The Enid News and Eagle, Enid, OK

July 19, 2013

As the temperatures increase in northwest Oklahoma, so does the risk of heat stroke, heat exhaustion

Enid News and Eagle

ENID, Okla. — Summer has returned to northwest Oklahoma.

After several days of unseasonably cool weather — and a welcome amount of rain — temperatures have been climbing. Highs this weekend and through next week are expected to be in the upper-90s.

With the increased temperatures comes an increased risk for heat exhaustion and heat stroke. Symptoms of heat exhaustion include heavy sweating, weakness, skin cold, pale and clammy, weak pulse, fainting and vomiting. If someone suffers from heat exhaustion they need to lie down in a cool place and apply cool, wet cloths to help them cool down.
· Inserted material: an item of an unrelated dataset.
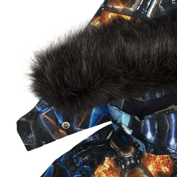 Children’s waterproof and windproof overall. Breathable fabric. Soft lining fabric on the inside. Removable snap-on hood. Integrated adjustable elastic band around the hood and on the back. Ribbed cuffs at sleeve ends. Adjustable sleeve ends. Lapped zipper at front. Integrated zipper pockets at front. Buttonhole-adjustable waist. Durable Cordura fabric legs. Snow gaiters at leg ends. Drawstring tunnel with stoppers at leg ends. Waterproof taped seams. Removable faux fur trim on hood. Reflective elements on fabric.

Heat stroke is a potential fatal condition. Symptoms include high body temperature; hot, dry skin; rapid, strong pulse; and possible unconsciousness. Victims likely will not sweat. Emergency services should be called immediately. Victims should then be moved to a cooler environment. Try a cool bath or sponging to reduce body temperature. Use extreme caution. Remove clothing. Use fans and/or air conditioners. Do not give fluids.

A lot of times, the situation doesn’t deteriorate to the point of heat exhaustion or heat stroke. Still, getting overheated is not a good thing.

National Weather Service offers some tips to beating the heat:

• Avoid the heat. Stay indoors as much as possible. Spend time in an air-conditioned space.

• Dress for the heat. Wear loose-fitting clothes that cover as much skin as possible. Lightweight, light-colored clothing reflects heat and sunlight and helps maintain normal body temperature. Protect your face and head by wearing a wide-brimmed hat.

• Drink for the heat. Drink plenty of water and natural juices, even if you don’t feel thirsty. Even under moderately strenuous outdoor activity, the rate your body can absorb fluids is less than the rate it loses water due to perspiration.

• Do not drink in the heat. Avoid alcoholic beverages and beverages with caffeine, such as coffee, tea and cola.

• Eat for the heat. Eat small meals more often. Avoid foods that are high in protein because they increase metabolic heat. Avoid using salt tablets, unless directed to do so by a physician.

• Living in the heat. Slow down. Reduce, eliminate, or reschedule strenuous activities such as running, biking and lawn-care work when it heats up. The best times for such activities are during early morning and late evening hours.

We also urge everyone to remember: Don’t leave children or pets in vehicles in the heat. That is a tragedy waiting to happen, and unfortunately happens too much in Oklahoma. From 1998 to 2012, according to Oklahoma Department of Health, 13 children died of heat stroke in the state after being left alone in vehicles.

Play it safe. We can’t avoid the heat, but we can do some simple things to avoid problems.